# TASK OBJECTIVE
Pictures excluded, output the lines of the data below between the one holding "leaves and flowers" and the one holding "I’m using asparagus", inclusive, exactly as they stand.

# PROVIDED DATA
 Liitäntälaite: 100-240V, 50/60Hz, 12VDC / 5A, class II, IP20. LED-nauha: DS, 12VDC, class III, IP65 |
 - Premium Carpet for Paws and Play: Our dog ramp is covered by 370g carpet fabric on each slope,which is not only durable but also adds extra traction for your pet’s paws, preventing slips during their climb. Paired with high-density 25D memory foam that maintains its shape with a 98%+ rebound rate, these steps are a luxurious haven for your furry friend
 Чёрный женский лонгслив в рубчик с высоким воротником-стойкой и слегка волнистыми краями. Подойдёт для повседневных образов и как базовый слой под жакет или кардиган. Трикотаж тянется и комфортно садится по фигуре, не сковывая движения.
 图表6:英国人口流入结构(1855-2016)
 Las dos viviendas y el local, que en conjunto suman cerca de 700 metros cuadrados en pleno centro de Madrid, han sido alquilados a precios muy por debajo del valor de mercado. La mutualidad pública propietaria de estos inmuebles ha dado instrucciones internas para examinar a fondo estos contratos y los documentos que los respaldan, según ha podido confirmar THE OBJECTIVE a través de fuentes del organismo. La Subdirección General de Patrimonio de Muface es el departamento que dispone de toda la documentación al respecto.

...

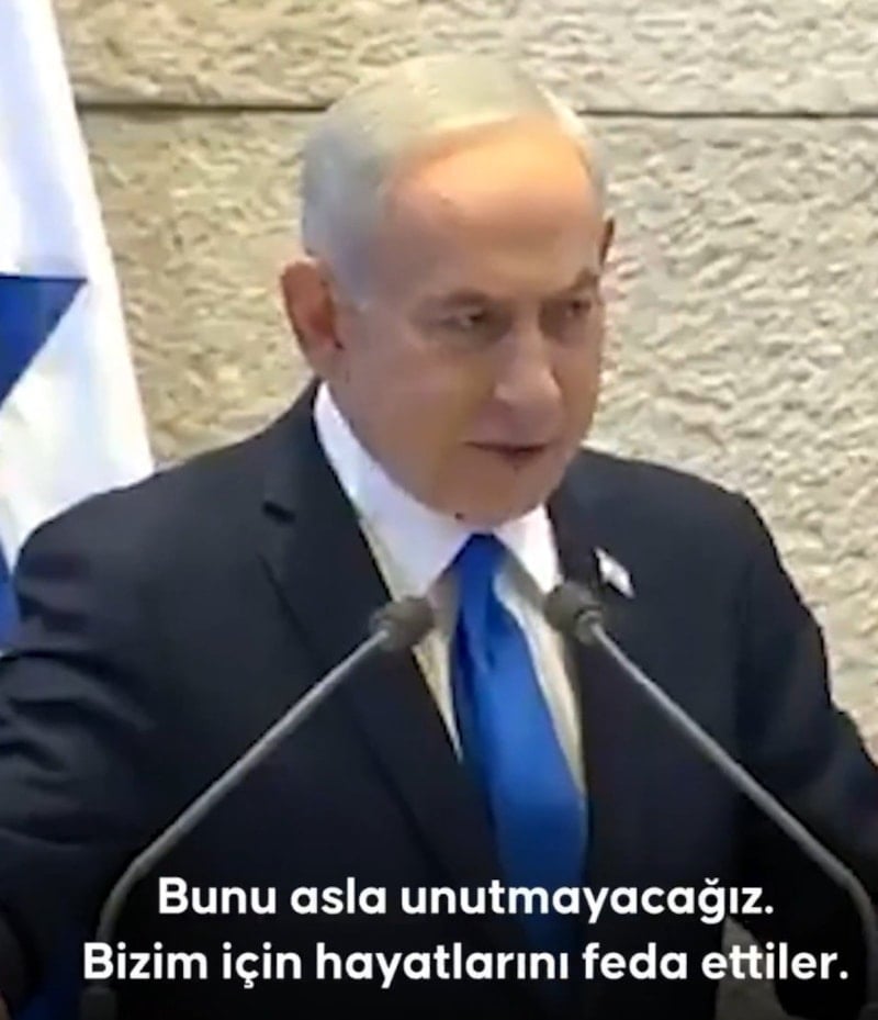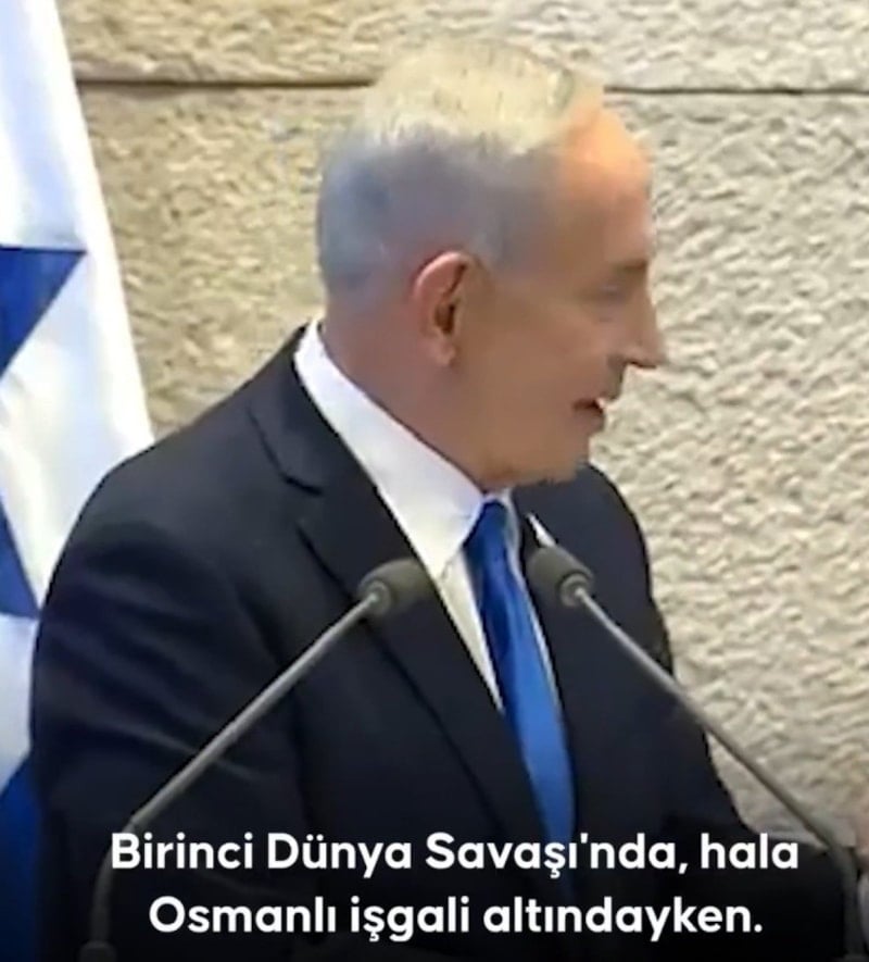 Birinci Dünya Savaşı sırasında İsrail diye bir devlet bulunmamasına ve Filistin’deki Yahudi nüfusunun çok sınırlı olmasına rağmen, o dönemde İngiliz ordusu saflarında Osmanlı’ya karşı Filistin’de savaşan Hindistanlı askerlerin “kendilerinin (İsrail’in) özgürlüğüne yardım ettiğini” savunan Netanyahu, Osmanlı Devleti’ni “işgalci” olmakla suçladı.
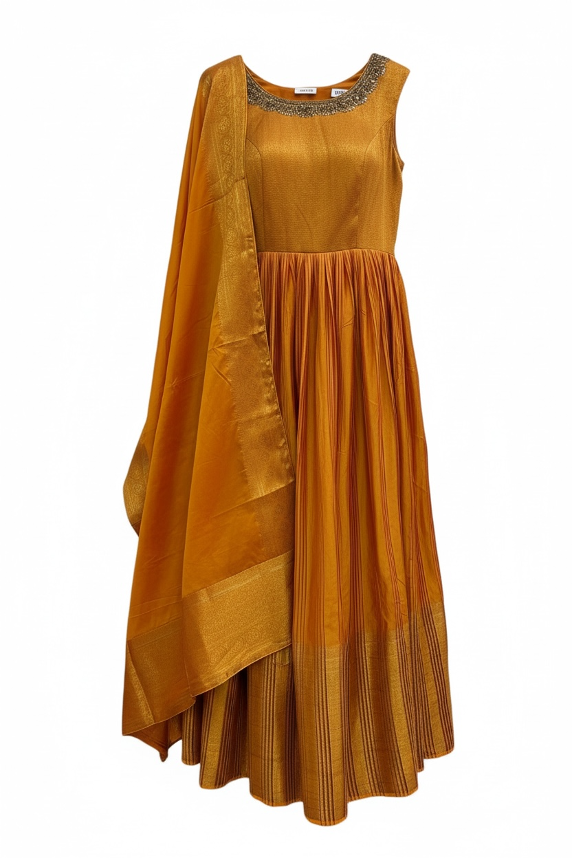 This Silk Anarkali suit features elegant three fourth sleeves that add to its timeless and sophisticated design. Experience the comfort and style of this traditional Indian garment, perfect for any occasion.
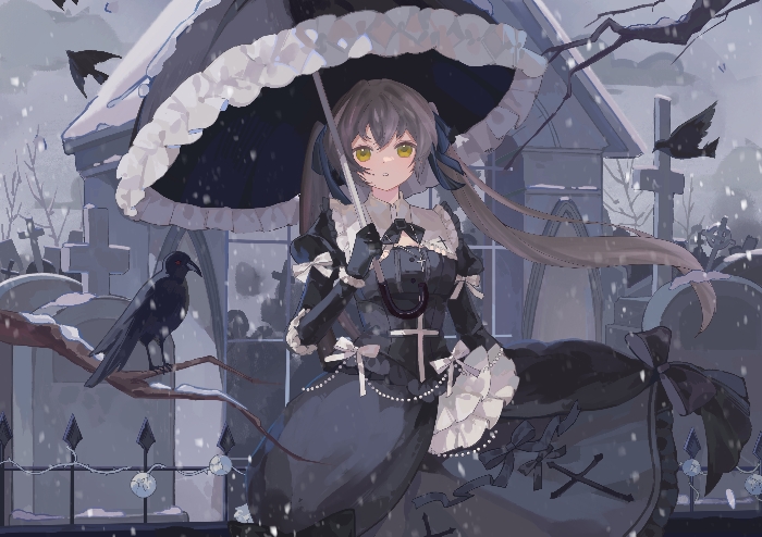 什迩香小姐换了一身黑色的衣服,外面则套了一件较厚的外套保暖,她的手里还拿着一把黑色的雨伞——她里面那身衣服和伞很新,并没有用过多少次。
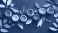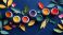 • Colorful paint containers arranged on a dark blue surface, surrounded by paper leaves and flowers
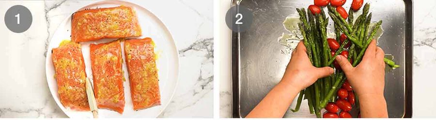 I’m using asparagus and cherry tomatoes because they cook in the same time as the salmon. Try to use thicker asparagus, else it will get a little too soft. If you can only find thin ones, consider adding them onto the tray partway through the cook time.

# RESULT
 • Colorful paint containers arranged on a dark blue surface, surrounded by paper leaves and flowers
 I’m using asparagus and cherry tomatoes because they cook in the same time as the salmon. Try to use thicker asparagus, else it will get a little too soft. If you can only find thin ones, consider adding them onto the tray partway through the cook time.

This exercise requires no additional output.